# Problem converting from mod_fastcgi to mod_fgid

## Fred Krogh

I have had apache working with fastcgi.  But recently for unknown reasons it could not find libmysqlclient.  I have not been using the latest apache as it does not support fastcgi.  Given that the old one is no long working, I've emerged /apache-2.4.4-r3, and attempted to edit all the configuration files to use mod_fcgid.  When attempting to start apache2, I'm getting  *Quote:*   

>  * apache2 has detected an error in your setup:
> 
> apache2: Syntax error on line 675 of /etc/apache2/httpd.conf: Syntax error on line 2 of /etc/apache2/modules.d/20_mod_fcgid.conf: Cannot load modules/mod_fcgid.so into server: /usr/lib64/apache2/modules/mod_fcgid.so: undefined symbol: unixd_config
> 
>  * ERROR: apache2 failed to start

 

/etc/apache2/modules.d/20_mod_fcgid.conf contains *Quote:*   

> <IfDefine FCGID>
> 
> LoadModule fcgid_module modules/mod_fcgid.so
> 
> SocketPath /var/run/fcgidsock
> ...

 

I don't know where unixd_config is used, but others have got this error using PHP and that is not my case.
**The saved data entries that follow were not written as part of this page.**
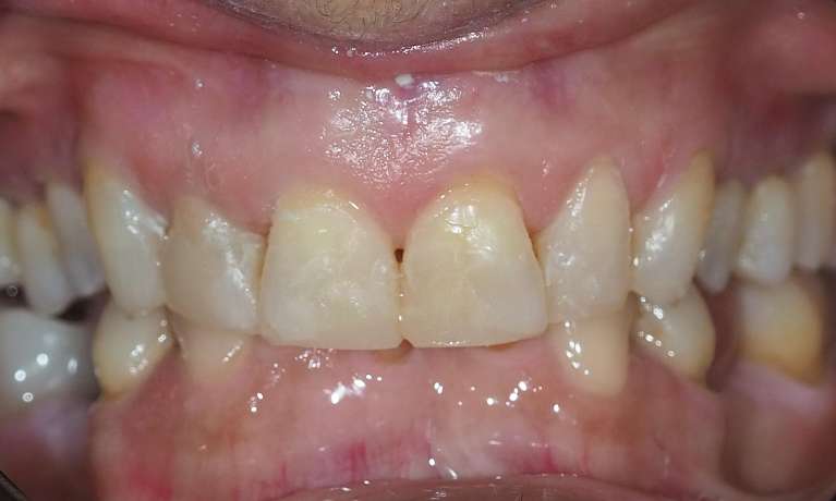 This treatment involved building up the front two teeth to improve their shape and appearance. A gentle enamel microabrasion technique was used to remove surface stains or white spots, followed by the application of a concentrated remineralising agent to strengthen the enamel and help prevent future decay.
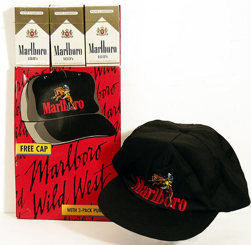 Free cap with 3 pack purchase. Black Cap with Cowboy on horse and "Marlboro". Marlboro 100s Packs.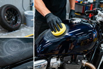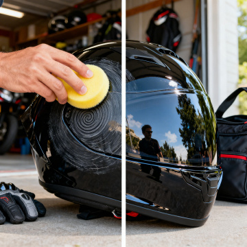 赛博朋克风夜景中,骑手疾驰于未来都市,金属质感机车与霓虹光影交织,头盔静置路面,虚实交错,科技感与酷炫感并存。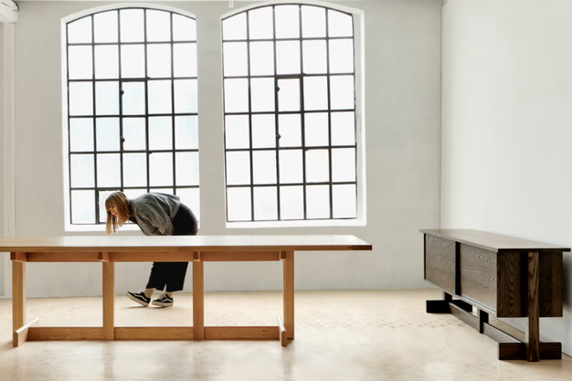 Aas drew inspiration from the pastoral landscapes surrounding her studio in Bergen. This influence is evident in the robust timber construction, trestle bases and traditional joinery methods such as mortise-and-tenon and tongue-and-groove joints. The pieces are designed for everyday use and built to last for generations.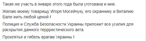 "Проклятья и гибель врагам Украины", - завершил нардеп свой пост.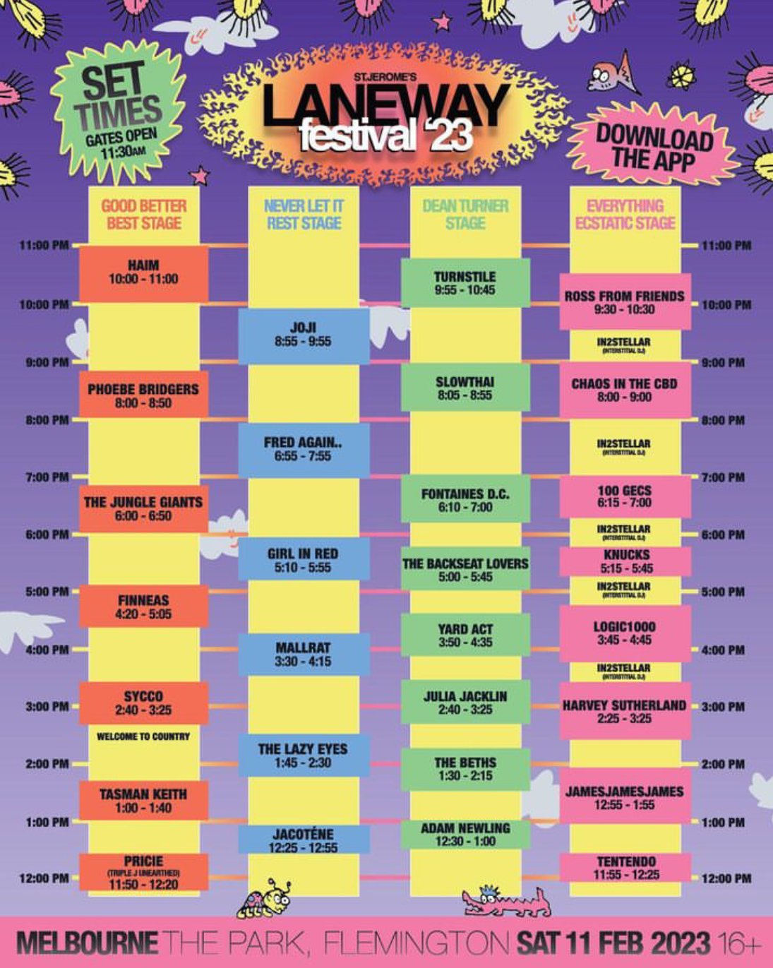 Back to All Events Laneway Festival 2023 Saturday 11 February 2023 2:00 pm 10:00 pm Melbourne, Vic Australia (map) Google Calendar ICS

I'm hoping this suggests something to the wonderful helpers out there, thanks,

Fred

----------

## Fred Krogh

It has become clear that my big problem in this case is getting apache-2.4.4-r3 working.  I'm going back to apache-2.2.24-r1.  I was trying to emerge apache-2.4.4-r3 again, and got this message *Quote:*   

> Module 'socache_shmcb' is required in the default apache configuration.

 And I seen no sign of a module socache_shmcb.

----------